Infants are born with an only partially developed visual system. There aren't many things that stimulate a child's visual development more efficiently than toys that involve hand-eye coordination and a more concrete understanding of spaces and distances between objects. The most effective toys to encourage an infant's vision in their first year of life include toys with basic shapes or bright contrasting colors and activity gyms that have interactive or removable objects, puppets and balls. In the initial three months of life, a baby's color vision hasn't really developed, so simple black and white pictures of things like shapes and simple patterns are very conducive to stimulating visual development.

Children spend a considerable amount of time playing with toys, so it's good for parents to know if those toys are safe or not. Kids should be given toys especially created for their own age group. Hand-in-hand with making sure to keep toys age-appropriate is to check that the toy is developmentally appropriate, too. Even though toy companies print targeted age groups on the box, it's still important for you to make the call, and be sure your child avoids playing with something that could be unsafe.

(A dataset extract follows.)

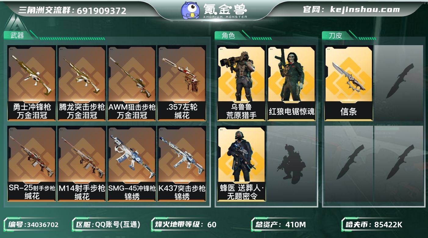【大额资产410M+刀皮信条】【Q区三端互通】【无二次协助处理】YXz9904-特勤处:仓库9级/靶场4级/训练中心6级-410m总资产-8542w哈夫币-60烽火等级-黑鹰-1战场等级-无军衔 【干员外观】:蜂医-送葬人·无题密令,红狼-电锯惊魂,乌鲁鲁-荒原猎手 【近战皮肤】:近战-信条,近战-黑鹰 【传说外观】:M4A1突击步枪-阿米娅,AKM突击步枪-锦绣,M16A4突击步枪-狩猎时刻,AK-12突击步枪-特斯拉线圈,SCAR-H战斗步枪-启航,G3战斗步枪-狩猎时刻,CAR-15突击步枪-阿米娅,腾龙突击步枪-万金泪冠,K437突击步枪-锦绣,KC17突击步枪-电锯惊魂,Vector冲锋枪-狩猎时刻,UZI冲锋枪-特斯拉线圈,SMG-45冲锋枪-骑士,SMG-45冲锋枪-锦绣,SR-3M紧凑突击步枪-特斯拉线圈,勇士冲锋枪-能天使-午夜邮差,勇士冲锋枪-万金泪冠,725双管霰弹枪-送葬人-无题密令,M14射手步枪-蛮荒,M14射手步枪-缄花,SR-25射手步枪-水墨云图,SR-25射手步枪-缄花,AWM狙击步枪-万金泪冠,.357左轮-缄花,复合弓-黑·天际线 【史诗外观】:AKM突击步枪-林中猎手,QBZ95-1突击步枪-曙光,K416突击步枪-冬日风情,K416突击步枪-腊梅,K416突击步枪-阿萨拉特攻,M16A4突击步枪-竞赛选手,AUG突击步枪-蝮蛇,AUG突击步枪-...

Blocks are a safe and useful toy for kids of most ages, but for younger children, check that the corners and edges are blunted, to decrease the chance of danger to the eyes, or any other part of the body. You should also take note of toy size. The general rule with toddlers is that a toy that is small enough to fit in their mouth is unsafe. Be on the lookout for objects that can be manipulated into a smaller size as well. It's best to put small toys aside until your child is more appropriately aged.

Steer clear of toys with edges or sharp components for a little kid, and if your kids have toys with long handles, like pony sticks, make sure the ends aren't sharp. Closely watch toddlers when they play with those kinds of toys.

For kids younger than 6 years old, avoid toys projectiles, like slingshots. Even when they're older than 6, always supervise kids playing with toys like that. Whereas, for older kids who have chemistry sets or woodworking tools, always make sure they have protective eyewear.